Tips For Healthier & Scoopable, Creamy Ice Cream
Here’s what I do to make my ice cream healthier and still delicious:
- A combination of heavy cream and 1% milk creates a healthier ice cream that’s still creamy.
- Unflavored gelatin helps the ice cream ‘whip up’ lighter.
- Arrowroot helps reduce iciness.
- Using two large eggs helps make a lighter, creamier ice cream with less fat. The creamiest ice cream is made with just yolks – anywhere from 4 and up. I’ve tried one egg, four whites, and like two eggs the best.
- Reduce the sweetener by half and add 1/4 – 1/2 teaspoon liquid stevia. Start with 1/4 teaspoon and taste the ice cream. Taste and add another 1/4 teaspoon if needed. It’s slightly less sweet once frozen.
- Chill your ice cream to 40 degrees before freezing.
If I’m making ice cream for someone else, I usually go full tilt. But for everyday eating, this recipe works for us.
Yes, it’s just plain old vanilla. (This is Joe’s favorite.) But, it’s the most important flavor to perfect. Once you have a good vanilla you can make literally anything. So take this recipe and run with it.
How do you make ice cream?
- Go Ahead Honey, It’s Gluten-Free’s theme is Dairy-Free Delights, hosted this month by Zoe at Z’s Cup of Tea. You can still whip up a dairy free treat and get it to her by Sunday.
- Slightly Indulgent Tuesday’s theme for next week’s is Healthier Snacks – it doesn’t have to be a new post, just a snack that’s healthier.
Serves: about 2 quarts
- 2½ cups 1% milk
- 1 teaspoon arrowroot powder
- 1 teaspoon unflavored gelatin
- 2 large eggs
- ¼ cup light agave nectar
- ½ teaspoon liquid vanilla stevia
- 1½ cups heavy cream
- 2 teaspoons vanilla extract
- Mix one tablespoon of milk with arrowroot powder. Set aside. Put remaining milk in a 4 quart sauce pan and sprinkle gelatin on top of milk. Let gelatin sit for several minutes until it softens. Heat milk and gelatin over medium heat, stiffing often, until milk is at the scalding point but not boiling and gelatin has dissolved. Once milk reaches the scalding point, turn heat down to low immediately and remove milk from heat.

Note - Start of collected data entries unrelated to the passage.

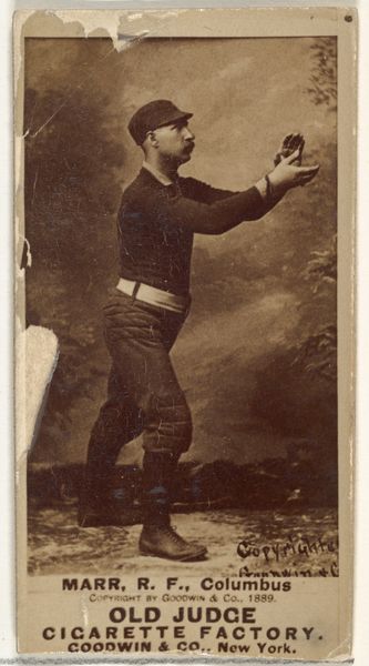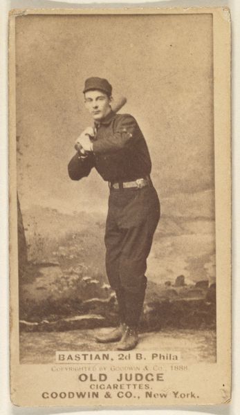 Curator: Let's delve into this intriguing card from the Old Judge series, featuring Paul Aloysius Hines. This gelatin silver print, dating back to 1887, captures a baseball player mid-action. What catches your eye about it? Editor: It’s amazing how modern it feels, considering the date. It also feels so…casual, even staged. Is there anything you find particularly noteworthy about the image? Curator: The real interest lies in the intersection of industry and leisure. This wasn’t just about documenting a sport. Goodwin & Company used these cards as inserts for Old Judge Cigarettes. It’s about commodification; Hines, a laborer on the field, is transformed into a consumable product, tied to the leisure habits of consumers and the expansion of mass production. Do you see that tension between the artistry and the commerce? Editor: Absolutely. It's fascinating to think about the material conditions of making and circulating this image – the silver, the gelatin, the printing presses, the tobacco industry – and how all of those things influence what we see here. Curator: Exactly. And what about the circulation of these cards? Think of the collectors, the trade networks…each card becoming a small piece of a larger economic and cultural exchange. Who had access to these images, and what did they signify within those social circles? Editor: That's a great point, to think about it as part of that network and who had the resources to access it and who didn’t. I initially thought about it simply as a snapshot of an athlete. Curator: It’s a lens through which we can examine labor, materiality, and consumption, blurring the lines between art, advertisement, and everyday life. Editor: I'll definitely look at these kinds of images with new eyes from now on, considering the deeper connections between art, industry, and consumption. Curator: A new appreciation for materiality changes everything, doesn’t it?
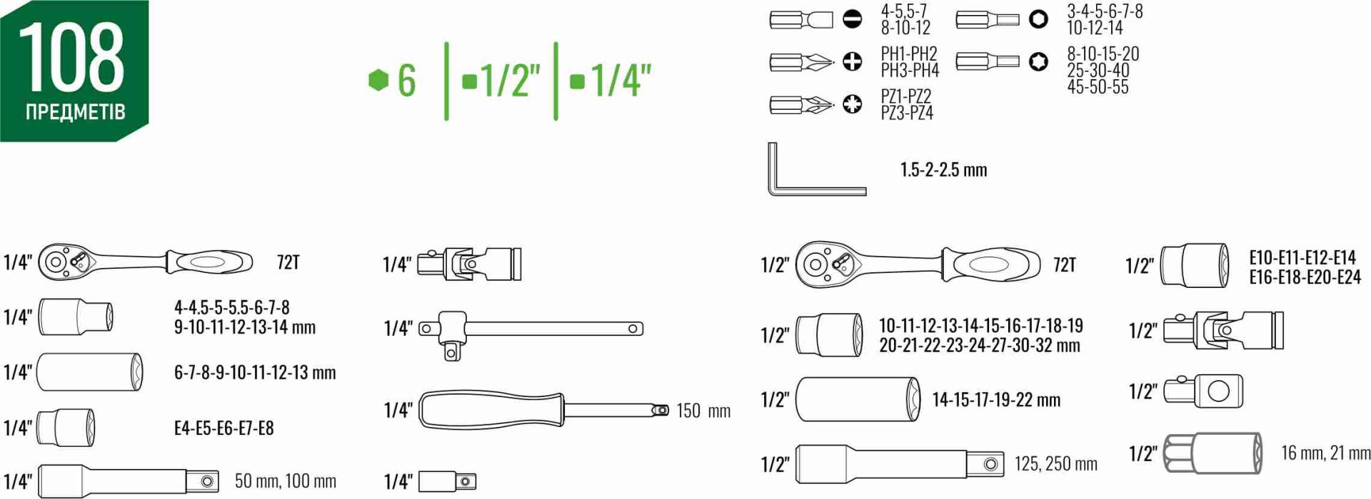 Hабір інструменту Alloid 1/2" і 1/4" 6-г 108 предметів (NI-1108 WN-6)
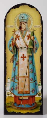 Икона на МДФ 18х50 арочная, объёмная печать, лак Николай Чудотворец 2

- In a medium heat proof bowl, beat eggs on medium until light and frothy. Add agave and continue beating until incorporated and lighter. Add cream, vanilla, and stevia. Beat until light.
- Add half of hot milk mixture to egg mixture, stirring constantly. Pour back into sauce pan and return to heat. Add arrowroot and stir. Cook for 5 to 10 minutes over low heat, stirring constantly. Do not boil. To see if the mix is finished cooking, dip a spoon into the mix and quickly remove it. Using a clean finger, draw a line in the mix on the back of the spoon. If the mix holds the line and does not run then it’s finished. Alternatively, use an instant read thermometer to check the temperature – it’s done cooking when it reaches 165 degrees F.
- Strain with a fine into a medium bowl or a quart mason jar. (You may need to use more than one jar.) If using a bowl, cover, putting plastic wrap directly on the surface of the custard to prevent a skin from forming. With a mason jar, you screw the lid on tightly. Refrigerate for at least 4 hours, preferably overnight. The ice cream mix will thicken considerably.
- Stir freeze according to manufactures directions.